Principal
Component Null Space Analysis (PCNSA) for Image, Video (or any large
dimensional pattern) Classification
We present a new classification algorithm, Principal Component Null Space Analysis (PCNSA), which is designed for classification problems like object recognition where different classes have unequal and non-white noise covariance matrices. PCNSA first obtains a principal components’ subspace (PCA space) for the entire data. In this PCA space, it finds for each class ‘i’, an M_i dimensional subspace along which the class’s intra-class variance is the smallest. We call this subspace an Approximate Null Space (ANS) since the lowest variance is usually “much smaller” than the highest. A query is classified into class ‘i’ if its distance from the class’s mean in the class’s ANS is a minimum.
We derive upper bounds on classification error probability of PCNSA and use these expressions to compare classification performance of PCNSA with that of Subspace Linear Discriminant Analysis (SLDA). We propose a practical modification of PCNSA called progressive-PCNSA that also detects ‘new’ (untrained classes).
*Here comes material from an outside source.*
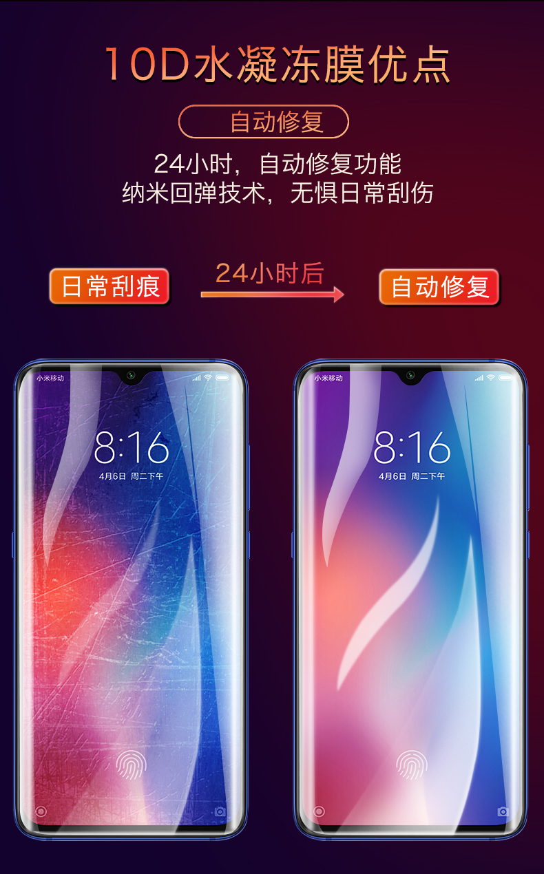 【三片装+神器】真1D水凝膜。全屏覆盖,告别碎屏,采用纳米融合技术,24小时内划痕自动修复完整!抗蓝光,保护眼睛,无白边,无气泡,无需喷水!还原裸机手感!!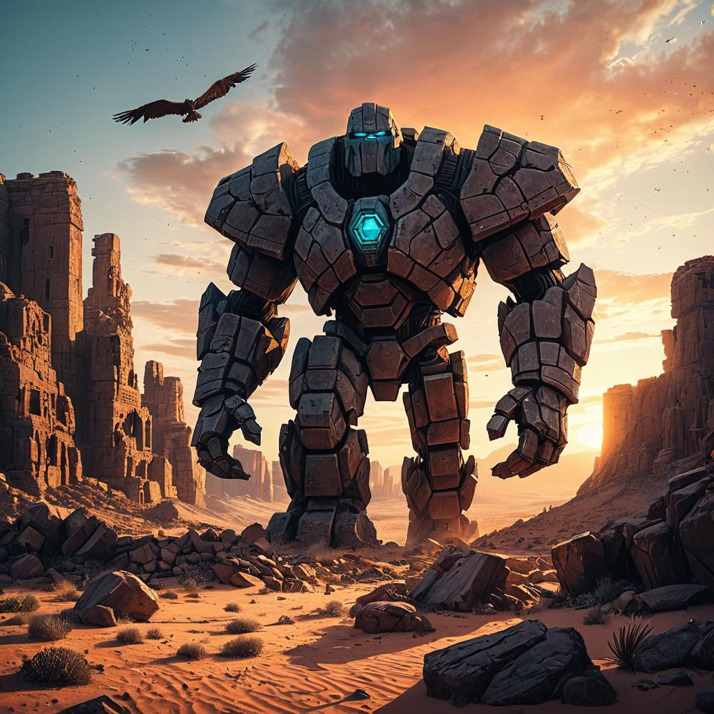 Ultra-photorealistic digital painting of a massive ancient stone golem standing amidst crumbling desert ruins at sunset. The golem, constructed of large rock slabs, dominates the arid landscape filled with scattered stones and sparse vegetation. The scene features vibrant colors with cinematic global illumination, highlighting the detailed textures and dramatic lighting of the sunset desert environment.

We provide an experimental comparison of PCNSA and progressive-PCNSA with SLDA and PCA and also with other classification algorithms - linear SVMs, kernel PCA, kernel discriminant analysis and kernel SLDA, for object recognition and face recognition under large pose/expression variation. We also show application of PCNSA to two classification problems in video - an action retrieval problem and abnormal activity detection.